Quello che accadrà all’Imu sulla prima casa potrebbe addirittura determinare le sorti del Governo Letta. Importante dunque conoscere quale sia l’impatto distributivo complessivo dell’attuale tributo sul possesso degli immobili. E le conseguenze distributive di una sua parziale eliminazione.
PATRIMONIALE ALL’ITALIANA
Il dibattito politico in questi giorni è nuovamente dominato dall’imposizione immobiliare. Sembra addirittura che la sorte del Governo dipenda dall’eliminazione dell’Imu sulla prima casa. Non c’è dubbio che la sensibilità dell’opinione pubblica su questo tema dipenda dall’alta quota di famiglie che è proprietaria dell’abitazione (oltre il 70 per cento). La sensibilità è ancora più marcata oggi, poiché in un periodo di crisi economica per molte famiglie può essere difficile affrontare il pagamento dell’imposta. È dunque importante conoscere sia l’impatto distributivo complessivo dell’attuale tributo sul possesso degli immobili, sia le conseguenze distributive derivanti dall’esenzione delle abitazioni di residenza.
In Italia non c’è una vera e propria imposta sul complesso del patrimonio personale; abbiamo un’imposta su ogni singolo immobile, fondamentale per finanziare le spese dei comuni. L’obiettivo principale dell’Imu non è dunque la redistribuzione del reddito e della ricchezza, che dovrebbe essere perseguita con altri strumenti.

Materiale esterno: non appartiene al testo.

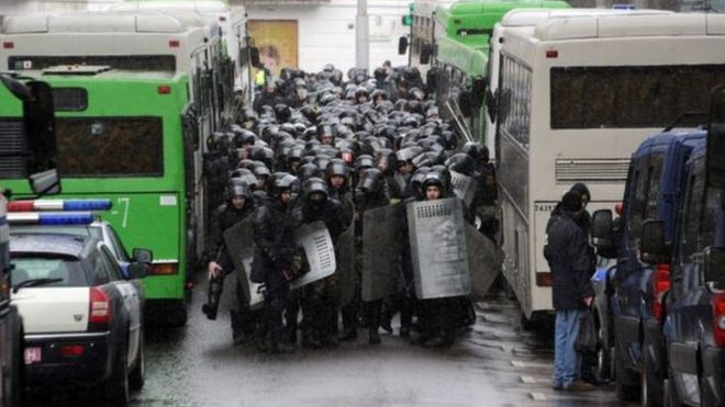 Минскиде коопсуздук чаралары күчөтүлүп, акция өтүп жаткан тарапка бараткан кишилерди милиция кармап, жолдорду бөгөп турду. Канча киши кармалганы тууралуу расмий билдирүү айтылган жок.

Ma in Italia il dibattito sembra focalizzarsi solo sul suo impatto sul reddito monetario delle famiglie, dimenticando che a parità di reddito monetario due famiglie con diverse proprietà immobiliari non sono sullo stesso piano. E dimenticando anche che una quota rilevante dell’l’Imu viene pagata dalle imprese, non solo dalle famiglie.
Date queste premesse, vediamo come si distribuisce l’Imu sulla base dell’indagine Silc (Statistics on income and living conditions) del 2008, che rileva le caratteristiche delle famiglie italiane nel 2008 e i redditi e le imposte del 2007, compresa l’Ici. Su questo dataset abbiamo ricostruito le rendite catastali e quindi simulato l’Imu pagata dalle famiglie, considerando solo gli immobili da esse posseduti ed escludendo quindi le imposte versate dalle imprese.
Trattandosi di imposte patrimoniali, la loro incidenza va calcolata sul patrimonio oppure sul reddito? Se si usa il reddito, quale definizione è più appropriata? Utilizziamo qui la nozione di reddito disponibile monetario comprensivo dell’affitto imputato sulla casa di residenza, al netto degli interessi passivi su eventuali mutui e delle spese di mantenimento dell’abitazione. Attribuiamo così un reddito reale alle famiglie che, a parità di reddito monetario, vivono in proprietà rispetto alle altre, poiché l’affitto imputato è economicamente un autoconsumo.
L’INCIDENZA DELL’IMU SUL REDDITO DISPONIBILE E SULL’ISEE
Se consideriamo tutte le famiglie che sono soggetti passivi dell’imposta sulla prima casa, (figura 1) sia l’Ici sia l’Imu sull’abitazione di residenza sono sostanzialmente proporzionali, fatta eccezione per il primo decile. Questo risultato non è sorprendente: le rendite catastali sono non solo molto basse, circa un decimo del fitto imputato, ma crescono poco all’aumentare del reddito: rispetto al reddito, quindi, l’imposta penalizza leggermente le famiglie più povere. Nonostante ciò, la composizione del gettito è fortemente concentrata, soprattutto per l’Imu: più della metà del gettito è pagato dagli ultimi tre decili. Letto in altri termini, questo significa che l’eliminazione dell’Imu sulla prima casa andrebbe a vantaggio prevalentemente dei decili elevati di famiglie.